A demonstration demanding the release of Palestinian prisoners, Gaza, 2016. Photo: Magdy Fathi/AFP.
Orinoco Tribune – News and opinion pieces about Venezuela and beyond
From Venezuela and made by Venezuelan Chavistas
A demonstration demanding the release of Palestinian prisoners, Gaza, 2016. Photo: Magdy Fathi/AFP.
By Ammar Ahmed Al-Shouqairi – July 24, 2024
In Palestine, it is not difficult to find people formerly imprisoned by the Israeli occupation to talk to. Nearly a million Palestinians from the West Bank, Gaza, and Jerusalem have been taken into Israeli prisons at least once in their lives since the June 1967 defeat of the resistance.
At the end of April this year, a group of veteran former-prisoners who had been detained at different times met at the house of Omar Al-Assaf to congratulate him on his release from captivity after spending about six months in zionist detention. Al-Assaf, who is in his 80s and is the coordinator of the Palestinian Popular Conference, faced his first arrest more than 40 years ago and was arrested in late October last year for the tenth time (or perhaps the fifteenth, he does not remember the exact number of times due to how often he has been arrested). Those sitting with him had been arrested prior, some in late 1967.
The group may have disagreed during discussions on some political issues, but they agreed that what the prisoners are currently going through in occupation prisons is unlike any previous period in the history of the Palestinian prisoners’ movement. The prison guards’ “creativity” has produced the greatest displays of humiliation inside prisons after October 7, such as forcing prisoners to kneel during counting operations, keeping them in the same clothes for months with only a few liters of water for bathing, locking them in rooms for long periods, and giving them only spoonfuls of food until their bodies lost kilograms of flesh.
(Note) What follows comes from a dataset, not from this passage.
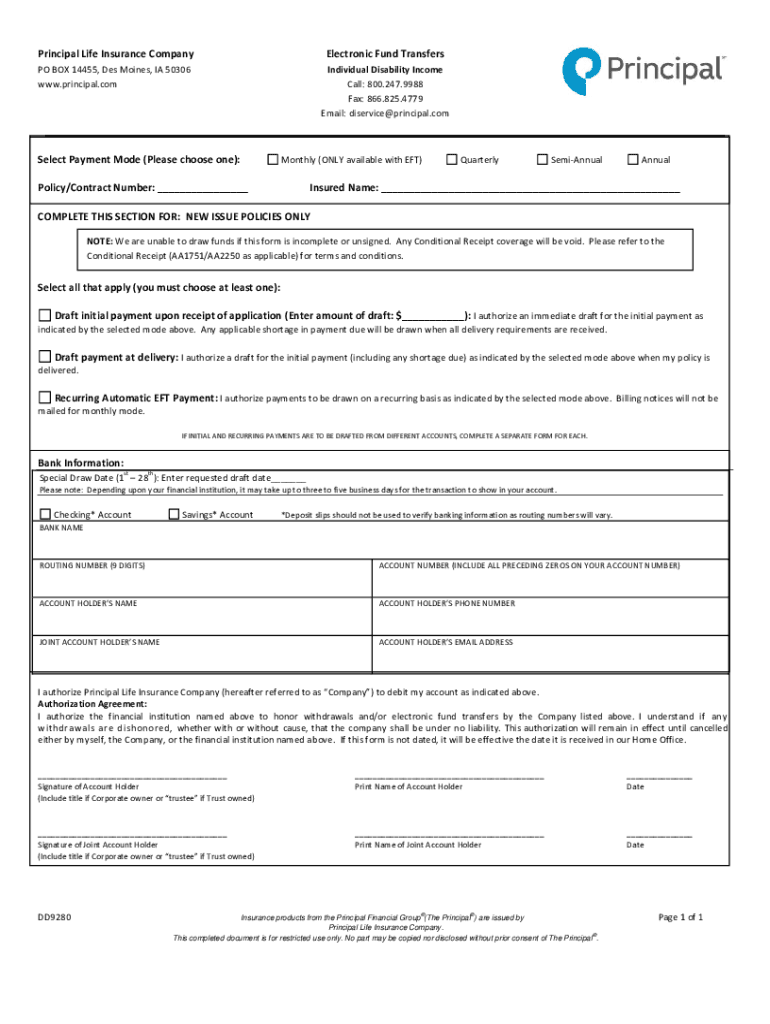 PrincipalLifeInsuranceCompanyElectronicFundTransfersPOBOX14455,Des Moines,IA50306 www.principal.com IndividualDisabilityIncome Call:800.247.9988 Fax:866.825.4779 Email:disservice principal.com SelectPaymentMode(Pleasechooseone):Policy/ContractNumber:

This is happening within 23 interrogation, detention, and prison centers comprising the Prison Service administration. In other newly constructed prisons (under Israeli intelligence and military) designated for Gaza Strip prisoners, such as the Sde Teiman detention camp, the situation was worse. Prisoners were gathered into groups of 100-200 in barracks, forced to sit on the ground all day, forbidden from talking to each other, with their hands cuffed behind their backs almost day and night as the shackles dug into their flesh. Hands damaged by shackles were amputated without anesthesia in the same detention center by Zionist doctors.
In their joint statement to the media, organizations that are active in defending prisoners use phrases like “no less than,” “there may be female prisoners,” “there are no clear data,” and “those present in unknown occupation camps” to describe the number of prisoners as well as the dozens of prisoners who “were martyred in detention centers and camps whose identities were not disclosed.”[1] Precise figures are impossible because “Israel” does not allow international organizations such as the International Committee of the Red Cross, lawyers, or prisoners’ families to visit them.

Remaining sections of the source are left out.